Night at the Museum: Secret of the Tomb

Review by Bob Ignizio

You probably shouldn't expect too much out of the third installment in a corporate kiddie franchise like NIGHT AT THE MUSEUM: SECRET OF THE TOMB. Those low expectations combined with sad recent events involving one of the film's supporting players, Robin Williams, come together to give what might otherwise have been a throwaway scene some genuine emotional impact. If you don't tear up at least a little bit when Williams, as Teddy Roosevelt, gives his farewell speech, your heart must be made of stone.

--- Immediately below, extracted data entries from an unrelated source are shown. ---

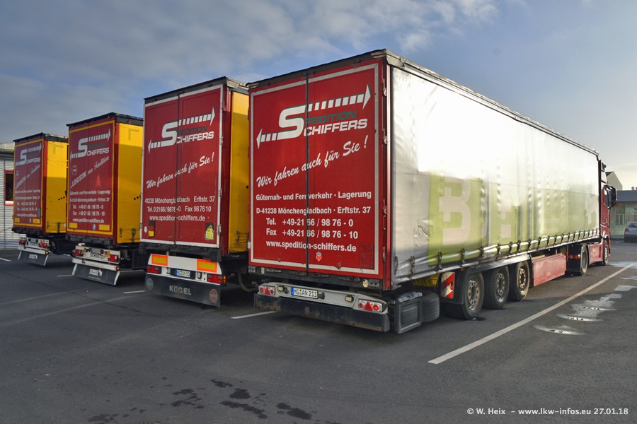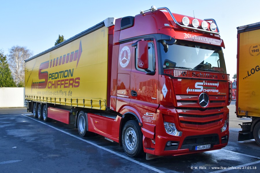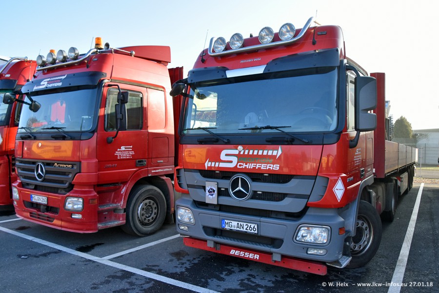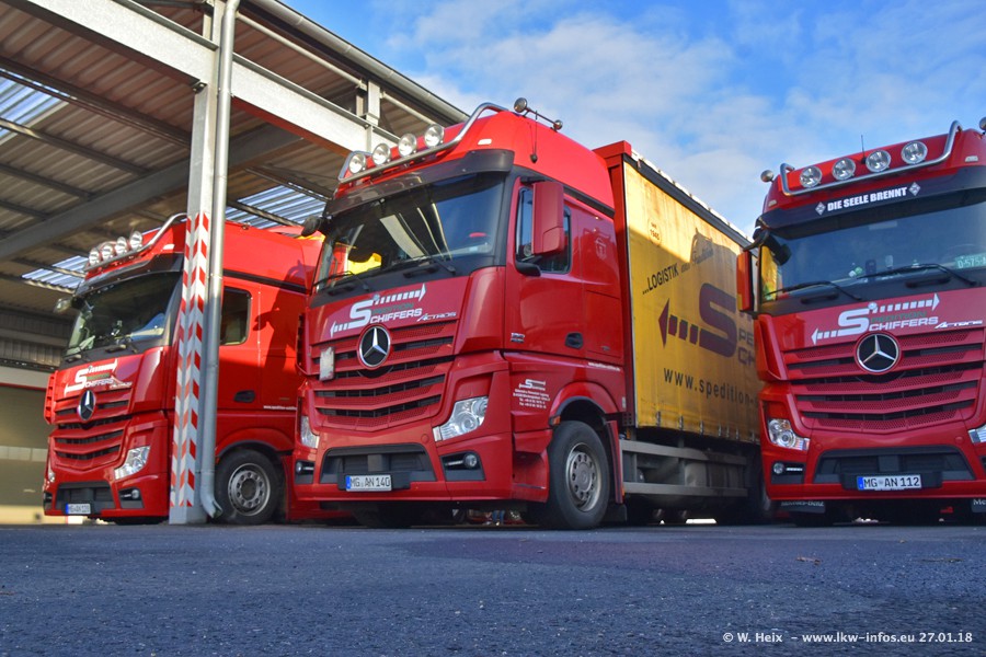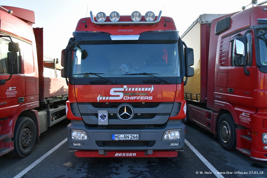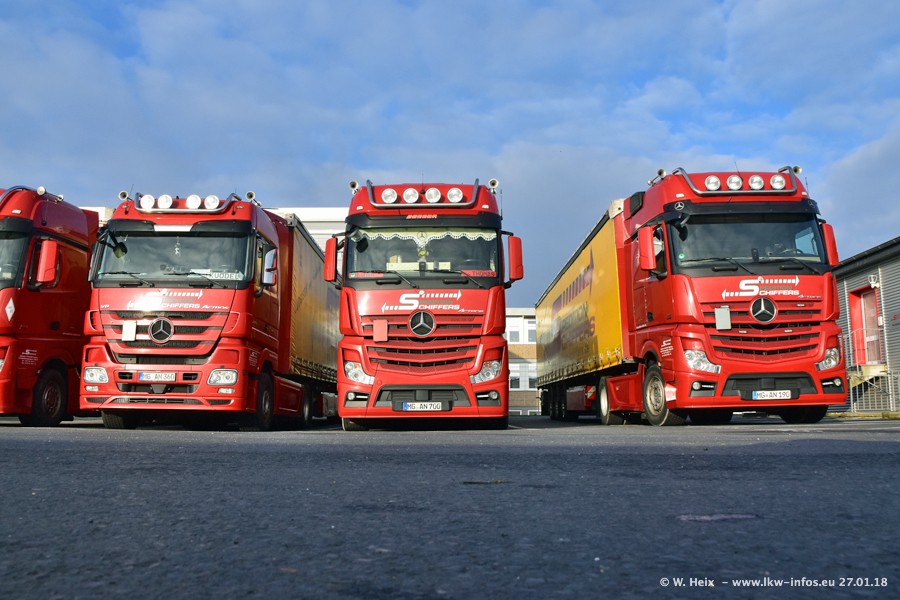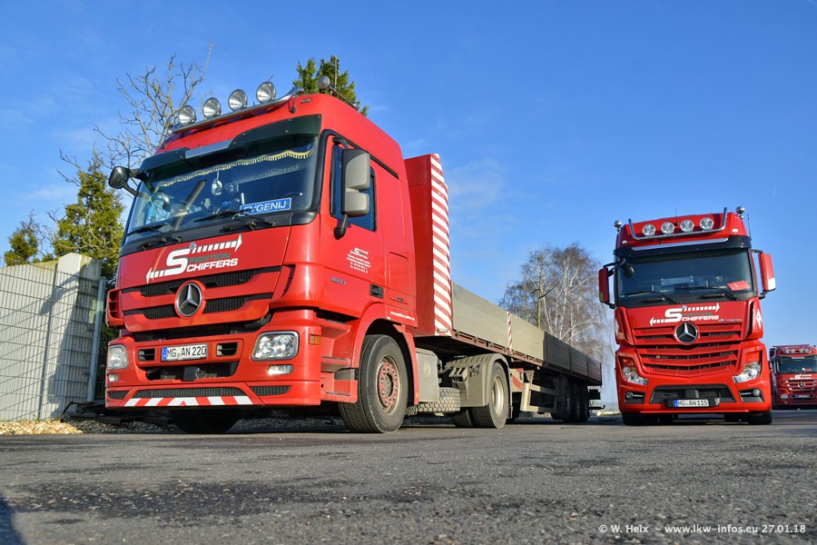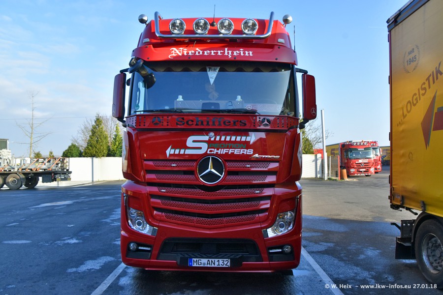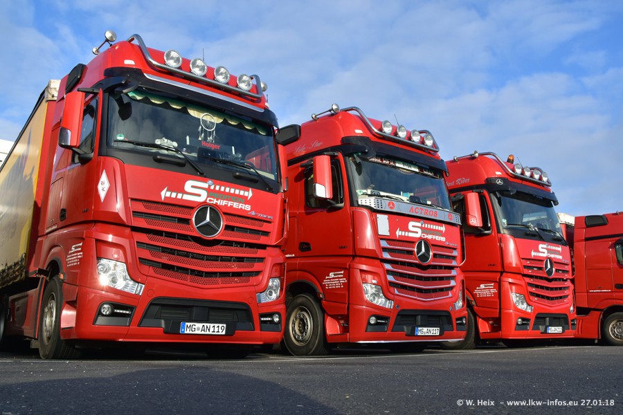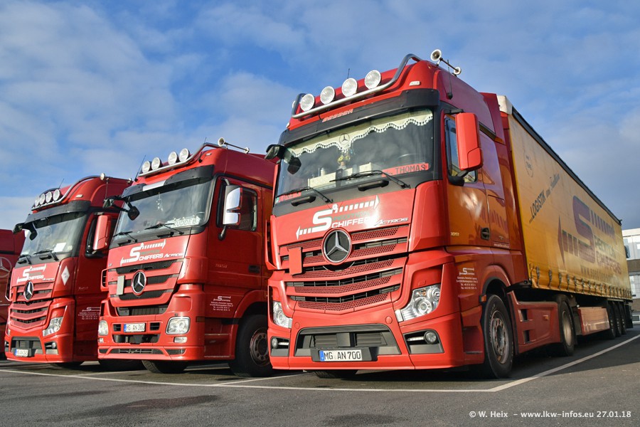 Heute war ich zum ersten Mal bei Schiffers in Mönchengladbach. Es gibt insgesamt 28 LKW, alle von Mercedes-Benz. Im Fernverkehr sind überwiegend Actros 4 im Einsatz. Im Nahverkehr werden überwiegend Mercedes-Benz der Baureihen Actros MP2 und Actros 3 eingesetzt.
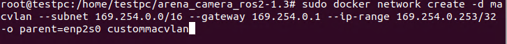 $ sudo docker network create -d macvlan --subnet 169.254.0.0/16 --gateway 169.254.0.1 --ip-range 169.254.0.253/32 -o parent=enp2s0 custommacvlan
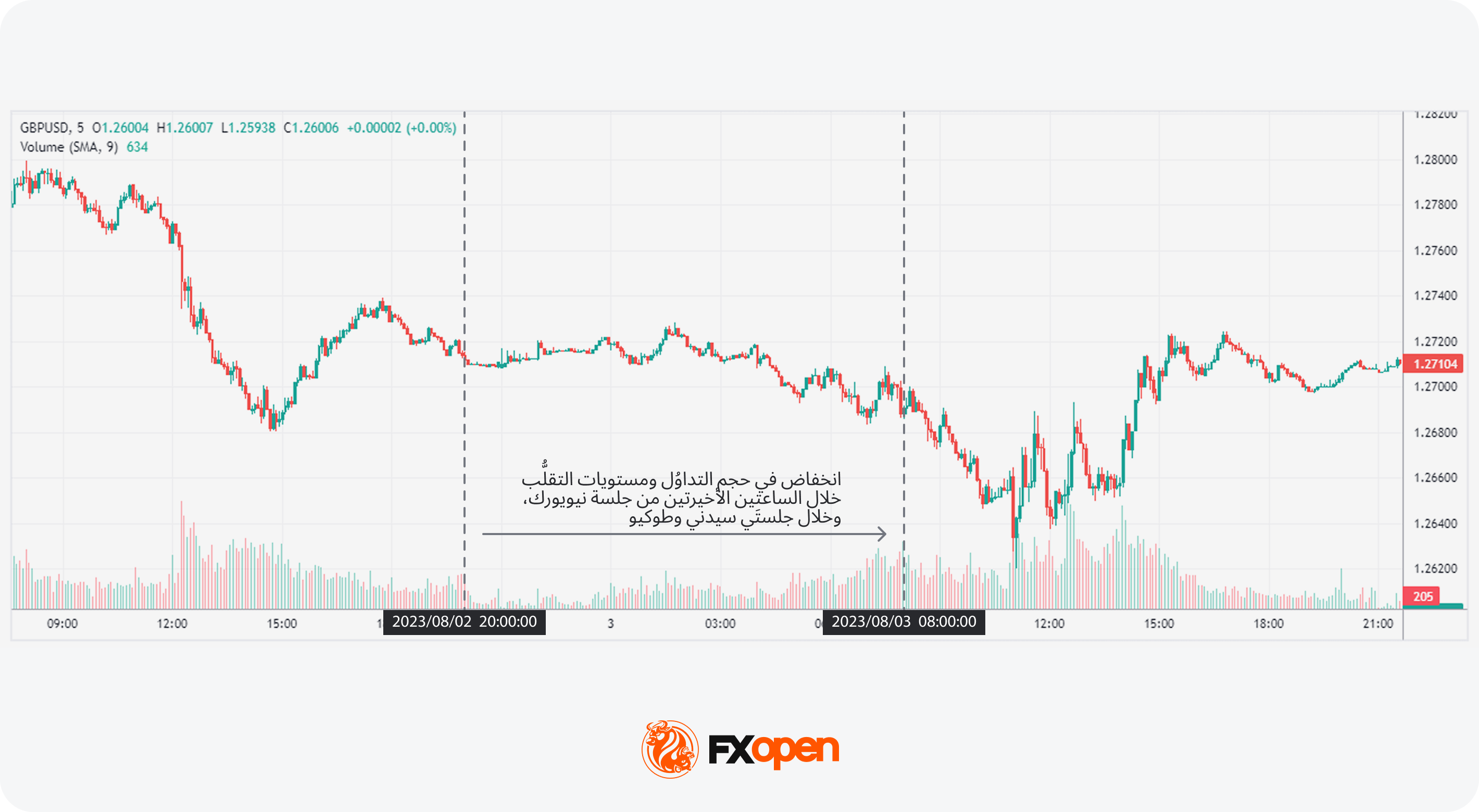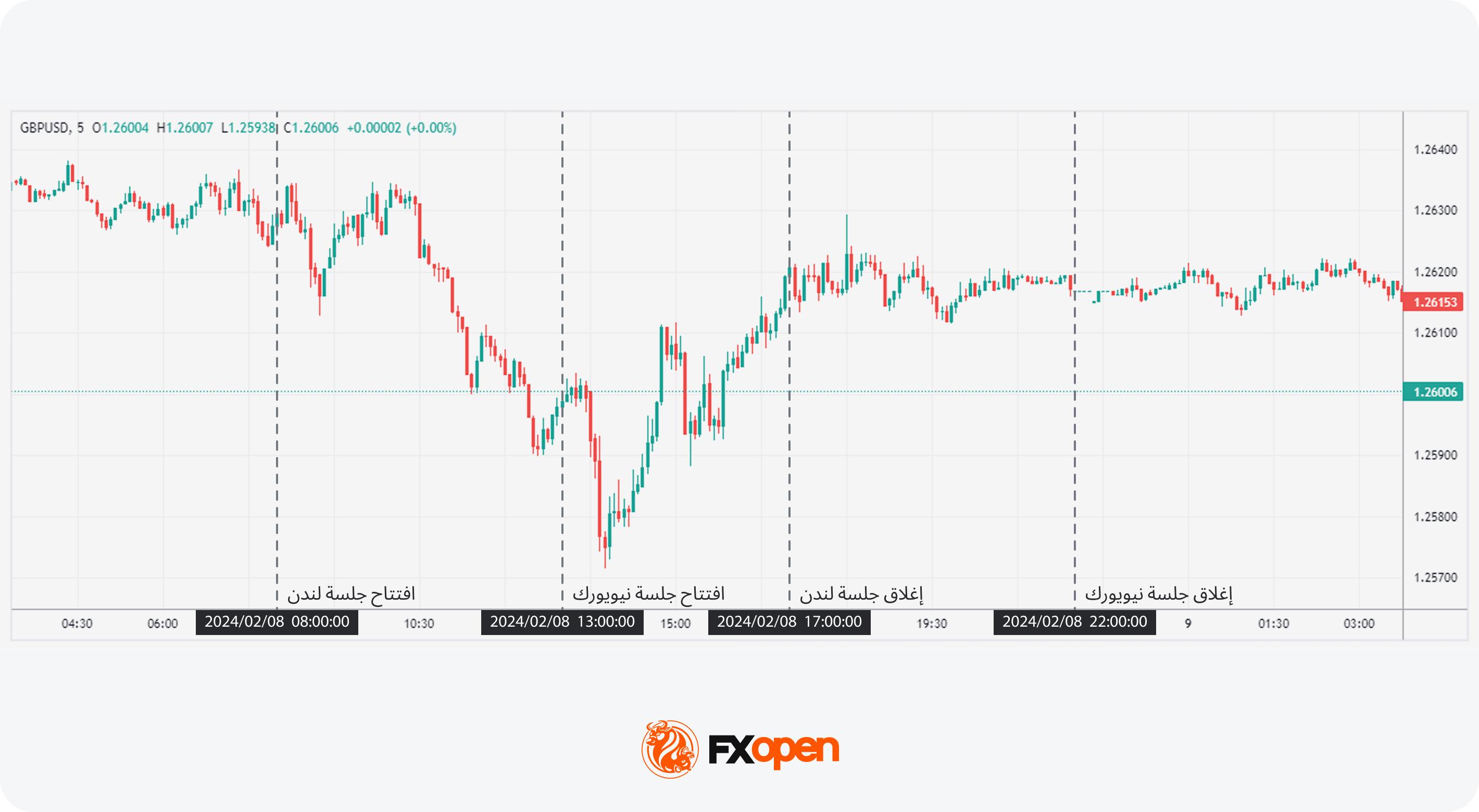 ورغم أنَّ وتيرة التداوُل تميل إلى الهدوء بعد إغلاق جلسة لندن، فإنَّ الساعات الأخيرة من جلسة نيويورك تُتيح فرصًا محتملة للدخول إلى السوق، وإن كانت تتَّسم عادةً بتقلُّباتٍ أدنى وأحجام تداوُل أقل نسبيًا.

The plot this time around finds the magic tablet that allows the exhibits in the American Museum of Natural History to come to life losing its power thanks to some kind of mystical tarnish. To find out what's wrong, museum guard Larry (Ben Stiller) sets off to the British Museum at the suggestion of Ahkmenrah (Rami Malek). The young pharaoh believes his father Merenkahre (Ben Kingsley), on display at the other museum, will know what to do.


Other exhibits coming along for the trek are Teddy Roosevelt (Williams) pint-sized cowboy Jedadiah (Owen Wilson) and diminutive Roman Octavius (Steve Coogan), Attilla the Hun (Patrick Gallagher), and Sacagawea (Mizuo Peck). Larry's teenage son Nicky (Skyler Gisondo) also tags along, as does one of the museum's Neanderthals, Laa (Stiller again), who believes Larry to be his father. Oh yeah, also the monkey who likes to pee on people, because that never gets old.

At the British Museum, Larry meets his female counterpart Mindy (Rebel Wilson). And since the magic tablet has come along with Larry and the gang, the exhibits in the new museum come to life as well, most notably Sir Lancelot (Dan Stevens, of Downton Abbey fame).

SECRET OF THE TOMB is, like its predecessors, a serviceable family-friendly comedy. It probably exceeds the legal amount of monkey urination jokes allowed per film, but the target audience of 8 year olds won't mind. There's a moral about kids and dads learning to trust and respect each other, and I suppose some kids might be inspired to delve into some actual history or at least visit their local museum. Nothing amazing, but if nothing else it proves a respectable swan song for Robin Williams. 2 out of 4 stars.